I have achieved very few moments as a parent where I can declare victory over matters unless you count moments when you go to school in regular clothes and not pajamas. The other night at dinner, I had a true victorious moment. These moments are so rare that I think I would have a better chance at catching a flying pink pony. It was another dinner where I know that unless I put macaroni and cheese or chicken nuggets in front of you, you will push the plate aside and claim you are not the least bit hungry. Since I refuse to make two different dinners, I accept the fact that you will go to bed with no dinner because we are both that stubborn. I was prepared to go through our dinner routine when I placed in front of you a pasta with kale pesto sauce. When what to my wondering eyes should appear, but a five year old girl, stuffing her face with green pasta, devouring it faster than a grilled cheese sandwich covered in french fries, asking for seconds. My eyes widened, I shed a tiny tear, threw down my napkin and did a Happy Gilmore gallop around the house shouting, YAHOO!! This is what my life has become – trickery and loud boisterous gloating and I wouldn’t trade a second of it for the world.

Time has definitely gone by fast these last five years but they have been wonderfully exhausting.
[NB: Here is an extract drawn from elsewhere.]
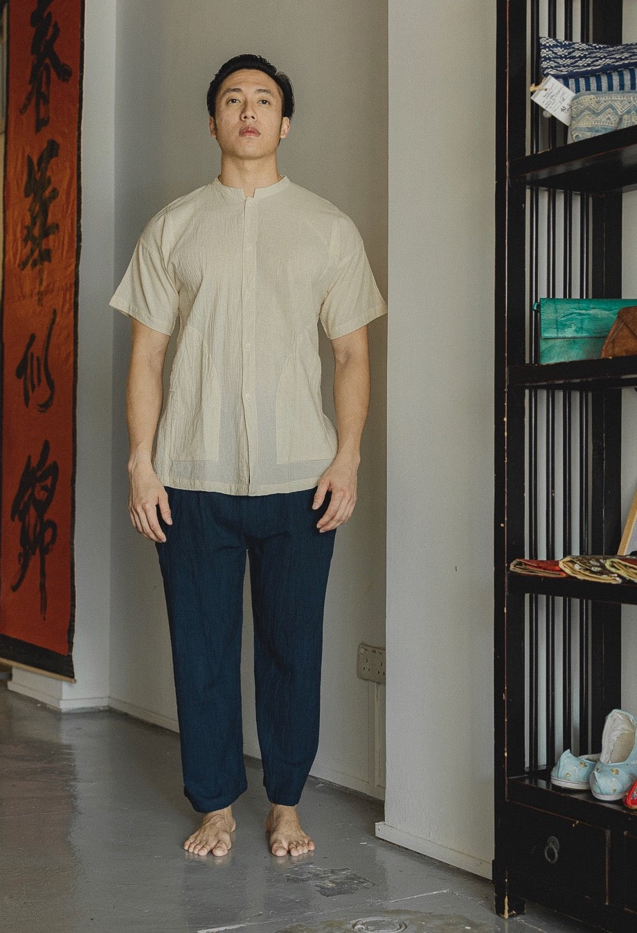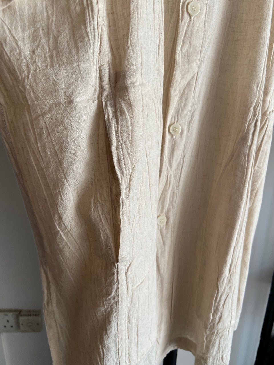 Hand-dyed Button shirt, minimalist design; thin and light cotton linen fabric. Square-end collar; button down centre front; two side slits; two front hidden pockets.

It’s pretty miraculous how much I have aged these past five years although I put more of the blame on Miles who sucked out just about every last bit of my soul.  I can’t help but laugh a bit when I hear new mothers claim how they will never be mad at their children or better yet, never yell at them. My Olivia, if you ever become a mother, you will understand the job laid out in front of you. It will seem impossible that something so little, pure and adorable can at the same time cause so much mental anguish but being a parent is a roller coaster. There will be times that you will absolutely love being a parent and there will be times that you will wish that your child passes out in a closet so you can finish watching a very important baseball game in peace. True story. I have had many guilt-ridden screaming matches with you and I’ve had very intimate moments of complete love and wonderment with you. Parenting is a balance and many days are a gamut of emotions. You give it your best and you hope that with an insane amount of luck, you produce a decent human being.  Despite our differences – or our exact likeness – I don’t feel like I need a lot of luck with you.  You’re incredibly special in your own right and you will do what ever it is you want to do.  Ride the wind my dear and let it take you to where you belong.  I just hope for your sake, it’s a hugging festival complete with costumes, dancing, campfire stories and of course, wine.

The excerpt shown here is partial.